#### THE DATA ####

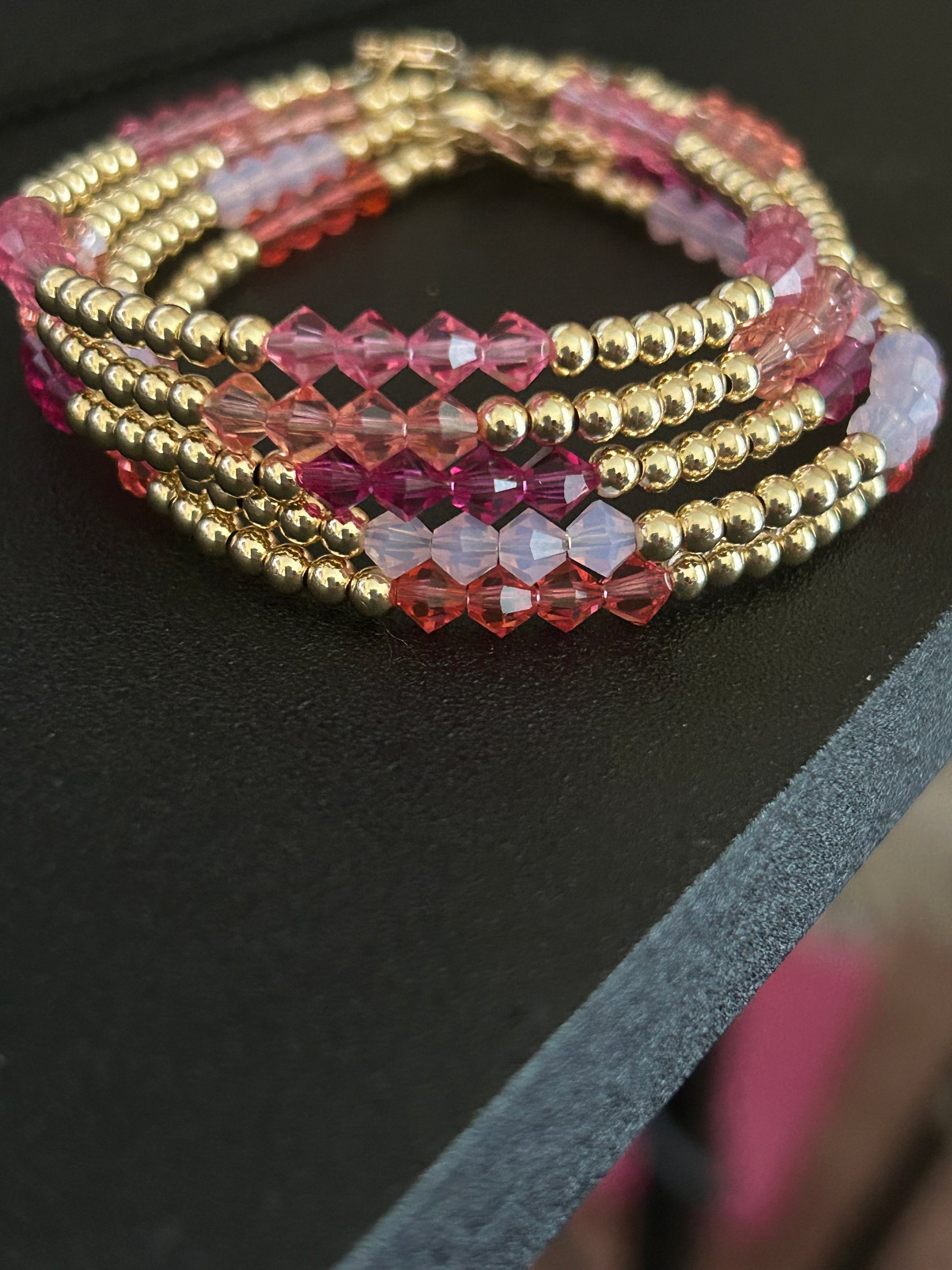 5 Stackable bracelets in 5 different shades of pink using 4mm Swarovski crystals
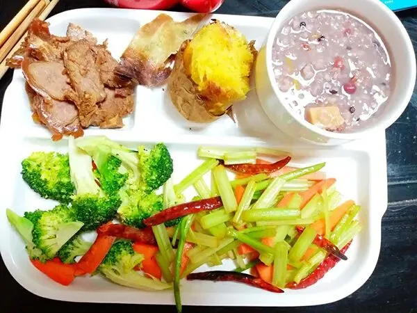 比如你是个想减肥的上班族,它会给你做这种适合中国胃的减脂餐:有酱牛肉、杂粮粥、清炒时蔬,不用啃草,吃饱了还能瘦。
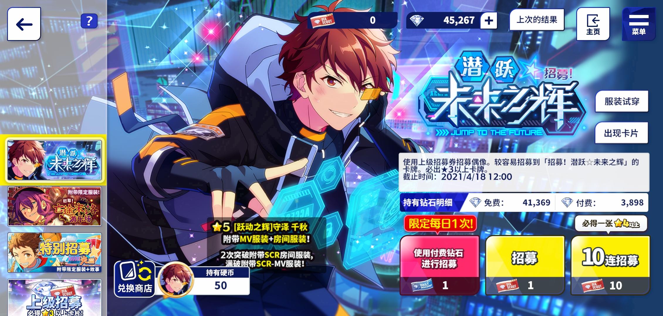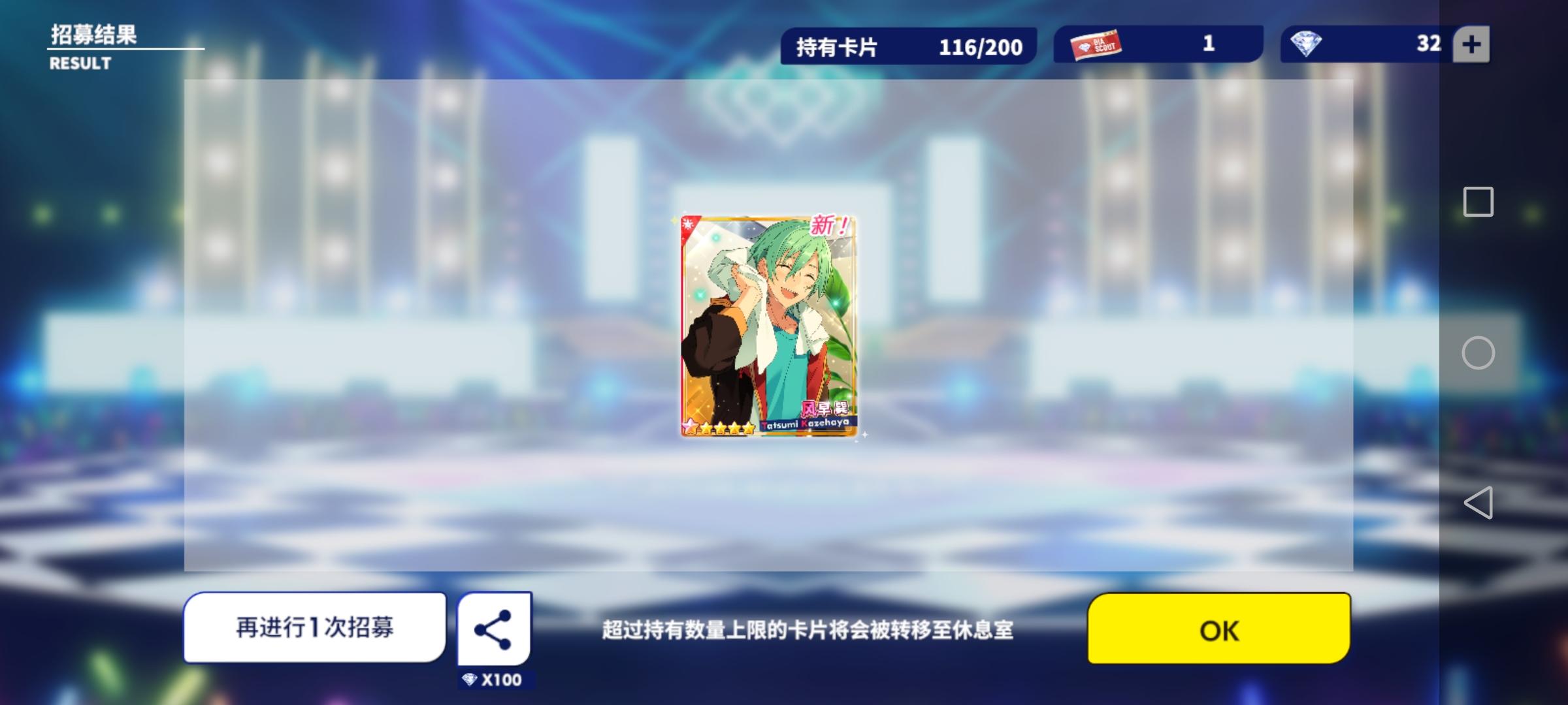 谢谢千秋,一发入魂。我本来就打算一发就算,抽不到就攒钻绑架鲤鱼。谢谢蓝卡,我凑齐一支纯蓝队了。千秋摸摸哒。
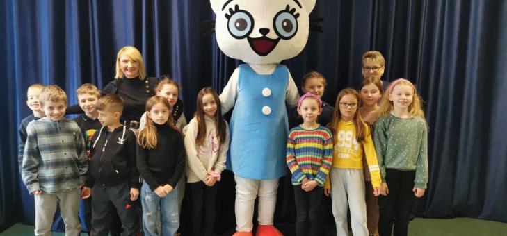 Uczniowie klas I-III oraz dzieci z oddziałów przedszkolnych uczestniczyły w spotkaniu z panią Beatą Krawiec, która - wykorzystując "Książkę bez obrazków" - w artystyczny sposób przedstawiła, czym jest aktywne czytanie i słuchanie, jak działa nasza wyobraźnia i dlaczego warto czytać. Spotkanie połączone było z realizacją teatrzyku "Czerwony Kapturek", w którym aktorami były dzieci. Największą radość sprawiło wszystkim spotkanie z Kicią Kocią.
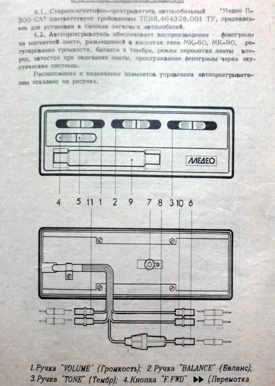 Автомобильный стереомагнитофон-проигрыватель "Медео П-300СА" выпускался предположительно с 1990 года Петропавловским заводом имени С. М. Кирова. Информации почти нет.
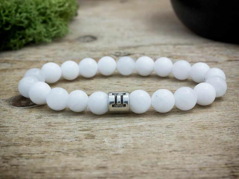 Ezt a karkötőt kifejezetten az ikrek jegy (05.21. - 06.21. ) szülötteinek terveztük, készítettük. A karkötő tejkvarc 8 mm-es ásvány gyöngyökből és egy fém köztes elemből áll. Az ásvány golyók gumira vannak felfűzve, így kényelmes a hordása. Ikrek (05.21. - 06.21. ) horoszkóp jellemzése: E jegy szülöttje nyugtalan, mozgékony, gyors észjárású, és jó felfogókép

####

WHAT THE TASK ASKS: Restate word for word only the lines from where the entries begin through the one with "Uczniowie klas I-III"; omit the pictures.

FINAL ANSWER:
 5 Stackable bracelets in 5 different shades of pink using 4mm Swarovski crystals
 比如你是个想减肥的上班族,它会给你做这种适合中国胃的减脂餐:有酱牛肉、杂粮粥、清炒时蔬,不用啃草,吃饱了还能瘦。
 谢谢千秋,一发入魂。我本来就打算一发就算,抽不到就攒钻绑架鲤鱼。谢谢蓝卡,我凑齐一支纯蓝队了。千秋摸摸哒。
 Uczniowie klas I-III oraz dzieci z oddziałów przedszkolnych uczestniczyły w spotkaniu z panią Beatą Krawiec, która - wykorzystując "Książkę bez obrazków" - w artystyczny sposób przedstawiła, czym jest aktywne czytanie i słuchanie, jak działa nasza wyobraźnia i dlaczego warto czytać. Spotkanie połączone było z realizacją teatrzyku "Czerwony Kapturek", w którym aktorami były dzieci. Największą radość sprawiło wszystkim spotkanie z Kicią Kocią.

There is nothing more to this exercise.